While bevacizumab continues to be a mainstay in the treatment of recurrent glioblastoma, the lack of survival benefit in clinical trials has prompted investigation of biomarkers that can help determine the optimum patient population and predict radiographic response. Although the RANO criteria does account for nonenhancing disease and decreased enhancement after anti-angiogenic therapy, more research is needed to distinguish treatment effect from disease progression and further clarify radiographic response patterns in the setting of altered vascular permeability.

The lack of survival benefit despite increase in progression free survival also highlights the potential importance of secondary endpoints such as quality of life measures and steroid usage. Given the vital location, slight radiographic progression of a glioblastoma or increased edema can translate into a disproportionate impact on functional status. While clinical trials and new therapies should continue to focus on prolonging survival, there remains a need to better characterize the impact on day-to-day challenges patients face.

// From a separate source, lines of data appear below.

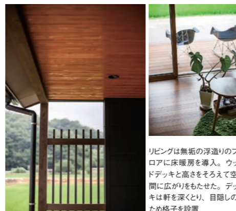
リビングは無垢の浮造りのフロアに床暖房を導入。ウッドデッキと高さそろえて空間に広がりをもたせた。デッキは軒を深くとり、目隠しのため格子を設置

リビングは外のウッドデッキとつながるよう床を下げ、ダイニングは食後の時間までゆとりとくつろげるよう、掘りごたつ付きの和室に。窓を大きくとった分、夏に日差しが入り過ぎないように、軒をしっかりと出したのもご主人のこだわりだ。「細かいところまで暮らしに合うようにつくられていて、家にいる時間が幸せになりました」と、奥様が笑顔で話してくれた。
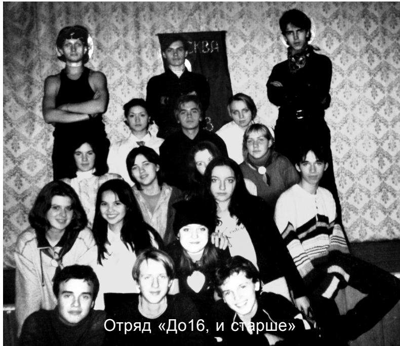
Отряд «До16, и старше»

Через год-полтора остатки нынешнего «до 16-ти» вольются в Комиссар, но ему на смену обязательно придет кто-то еще. Почему я так уверен в этом, да потому,
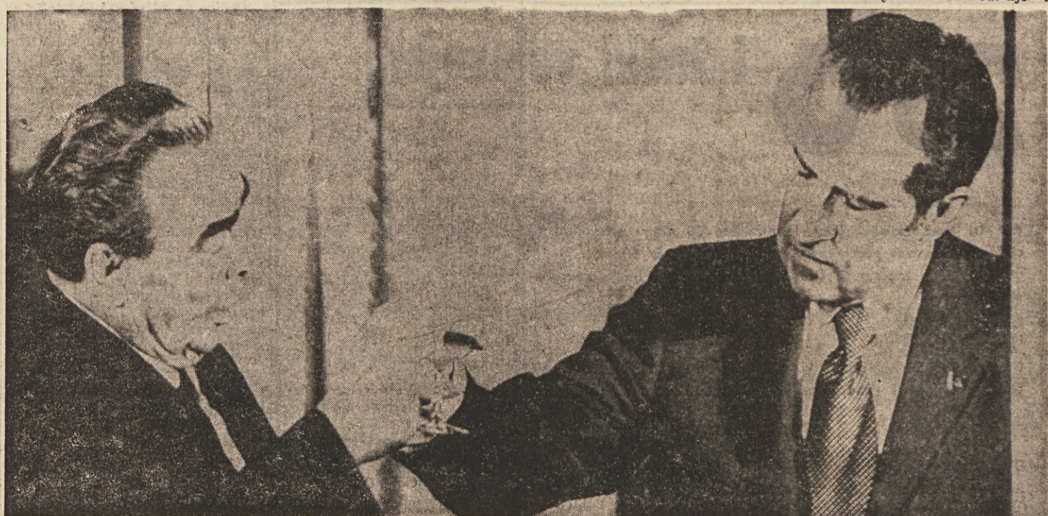
Brežnjevi in Nixon si nazdravljata po podpisu sporazuma za pospešitev pogajanj o omejevanju jedrskega oboroževanja
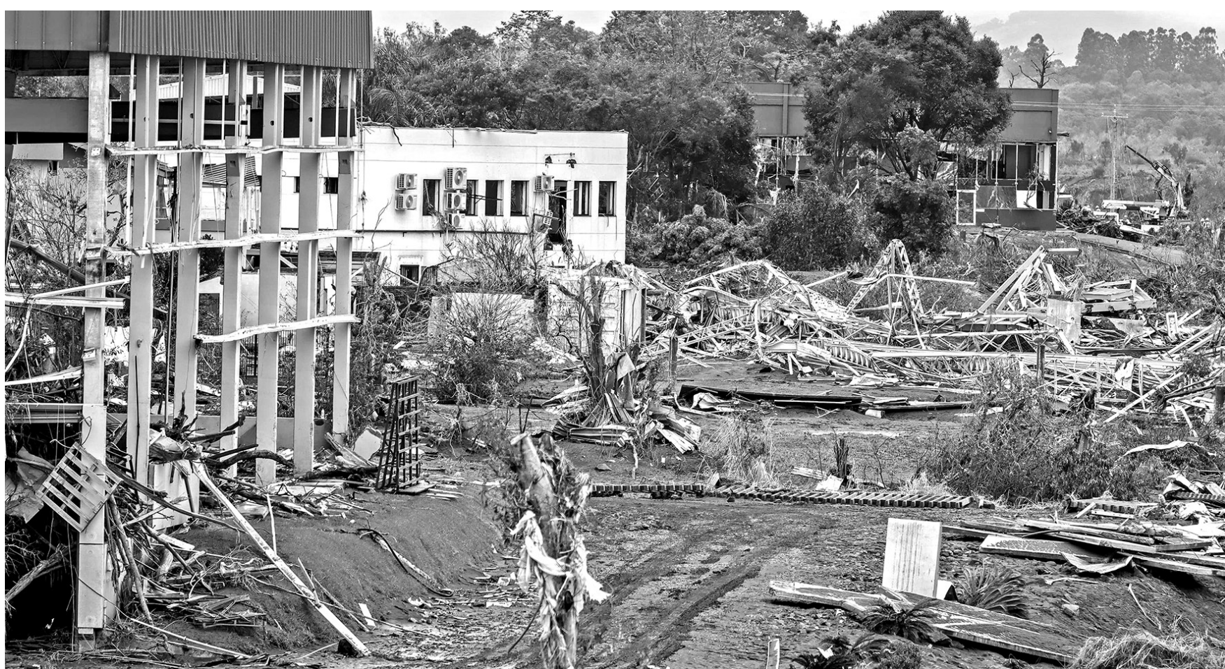
Representante do BNDES afirma que bancos de desenvolvimento terão que enfrentar a realidade dos eventos climáticos extremos e dos refugiados climáticos

"O volume dos recursos envolvidos e o prazo necessário tornam inevitáveis uma participação mais direta do governo", disse Barbosa. "O BNDES vai cumprir seu papel, de auxiliar o
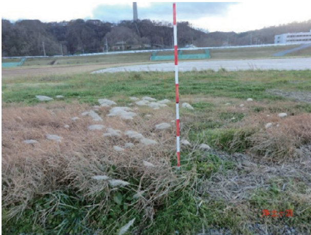
Photo 3. 宮古市閉伊川周辺の自生地の様子 (収集番号 16) A habitat of Miscanthus sacchariflorus Benthham in the region surrounding the Hei River in Miyako (Col. No.16)
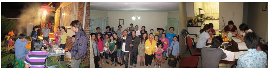
比陀福清團契週三查經班燒烤與聚會

感謝神在這個月賜給了我們一個特別大的恩典，經過半年的禱告(其實應該說是從 2007 年福清團契成立時就開始禱告，但這次是因為求神預備一個適合的場地)，神終於應允我們：將斐京華人教會(PECCC)的弟姐妹，和比陀福清團契(Pretoria Evangelical Chinese Fuqing Fellowship)的弟姐妹們，邀請在星期五晚上一起查經、裝備造就，雖然總共只有 12 位成員，但是我們夫婦為他們能夠和睦一起尋求屬靈的成長來感恩，而且他們都願意接受挑戰，來輪流帶領查經，特別是福清團契的兩位弟兄，他們說只讀完初中畢業，但是卻豪情壯志的一口答應下來，我們已經在一起聚會四次了，聽到他們彼此分享回應說，都在這查經班大大得着神的恩典供應，我們夫婦就得很得激勵！原來最好的長進方法，就是讓他們自己預備帶查經！樂得我們就專專的為他們禱告神.....，願神興起他們。

Another area of investigation includes optimal dosing and timing of bevacizumab or other anti-angiogenic therapies. Retrospective data suggest that the treatment of patients with high-grade glioma with low doses of bevacizumab (5 mg/kg per week or 7.5 mg/kg every 3−4 weeks) may be superior to standard dosing, potentially due to vascular normalization at lower doses [140, 141]. A recent randomized phase 2 trial comparing low dose bevacizumab plus lomustine to standard dose bevacizumab monotherapy in recurrent GBM showed no difference in the primary endpoint of PFS (4.34 months for the combination arm versus 4.11 months for bevacizumab monotherapy, p = 0.19) [142]. However, there was a trend toward improved median PFS in patients with first recurrence. Due to the potential of rebound cerebral edema after discontinuation of bevacizumab, salvage therapy has been difficult, leading many patients and oncologists to delay bevacizumab as long as possible. However, it is unclear to what extent this delay is warranted as additional retrospective data in systemic malignancies indicate that there may be benefit to continuing anti-angiogenic therapy past progression [143146].

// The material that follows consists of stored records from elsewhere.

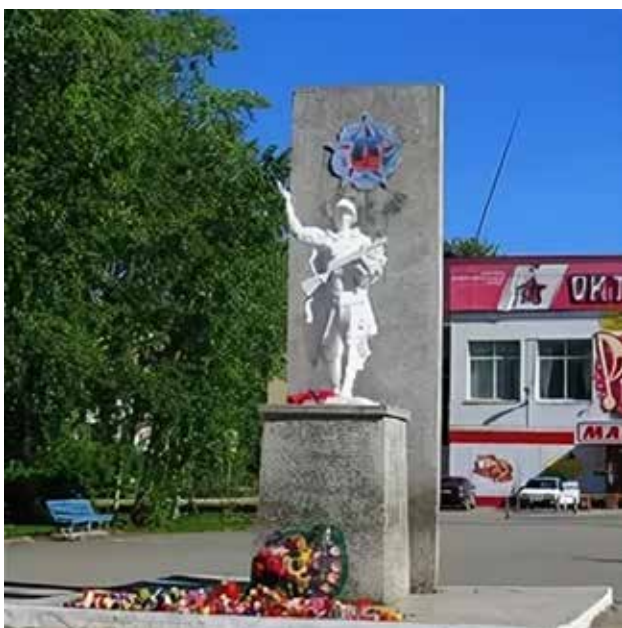
Фото 1: Put - Nik
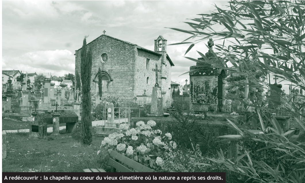
A redécouvrir : la chapelle au coeur du vieux cimetière où la nature a repris ses droits.

Les 31 e Journées du patrimoine, qui se dérouleront les 20 et 21 septembre sont placées sous le signe de la nature. Le patrimoine culturel est associé à son environnement naturel. Un thème particulièrement pertinent pour Saint-Junien où histoire, art et nature se côtoient en différents lieux symboliques de la ville. C'est donc par une approche environnementale que se dérouleront les visites du site Corot, des terrasses de Saint-Amand, de la Collégiale, de la Chapelle Notre-dame-du-pont et de la chapelle du cimetière. Ce sera l'occasion de découvrir les récentes restaurations effectuées sur les monuments : façades, retables... ou encore le réaménagement paysager du vieux cimetière, mais aussi de s'approprier leur environnement naturel. Des ânes pourront accompagner la visite du site Corot, et des ateliers Mandalas land'art participatifs se-
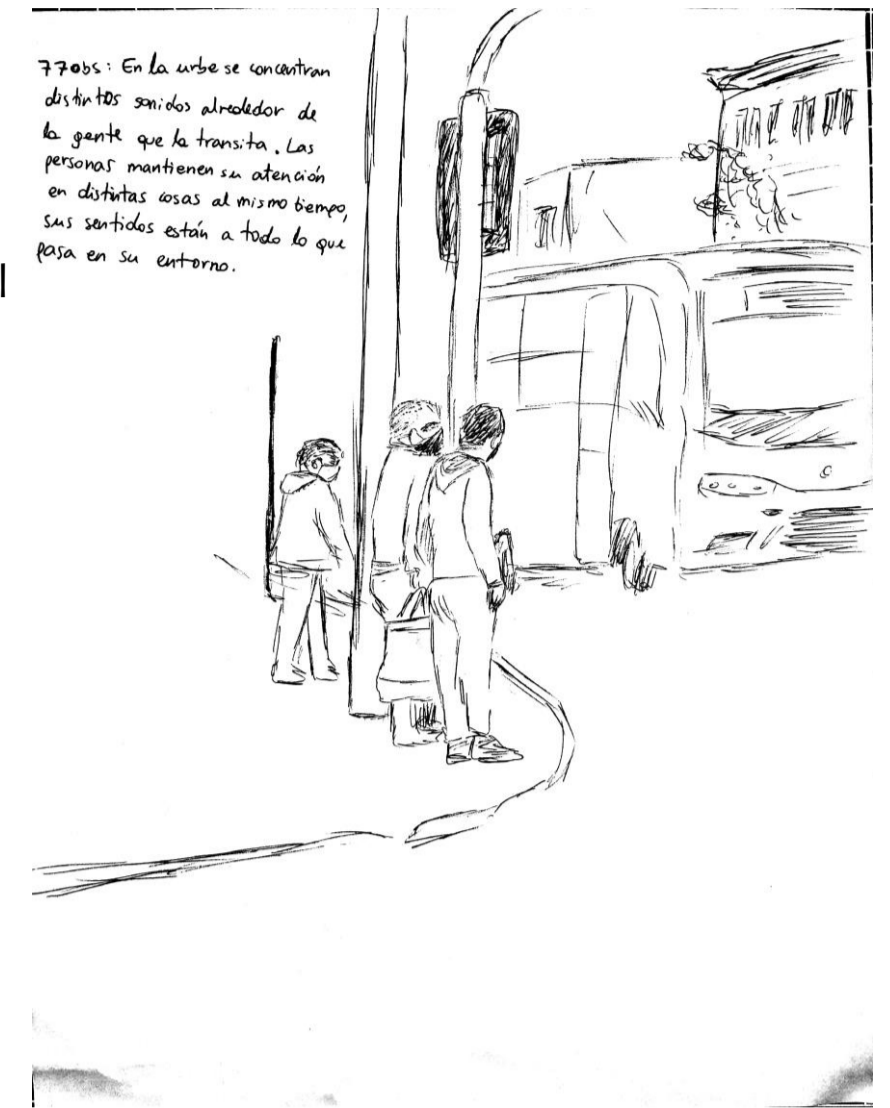
77 Obs: En la urbe se concentran distintos sonidos alrededor de la gente que la transita. Las personas mantienen su atención en distintas cosas al mismo tiempo, sus sentidos están atentos a todo lo que pasa en su entorno.

90: Una conversación con diferencia de alturas , sentados y parados se dirigen la palabra. La posición del cuerpo fija la atención en diferentes direcciones y el sonido al oír.
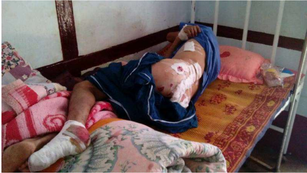
ပမ်မတ်ဟုရွာမှ ရွာသားတစ်ဦး အောက်တိုဘာလ ၄ ရက်နေ့တွင် မော်တာကျည်အပိုင်းအစ ထိမှန်ဒဏ်ရာရ

While optimizing bevacizumab administration is important, the multiple, complex pathways that promote angiogenesis also support the use of combination strategies. Improved orthotopic animal models from patient-derived tumors will play an important role in the evaluation of new therapies, treatment combinations, and resistance mechanisms, although these models will have limited utility in the evaluation of immunotherapies. It is notable that the only randomized clinical trial that appeared to confer some improvement in survival was in patients with recurrent glioblastoma treated with bevacizumab and chemotherapy. Thus, targeting several pathways or combining anti-angiogenic agents with other classes of drugs such as immunotherapy may prevent the development of treatment resistance and maximize survival benefit.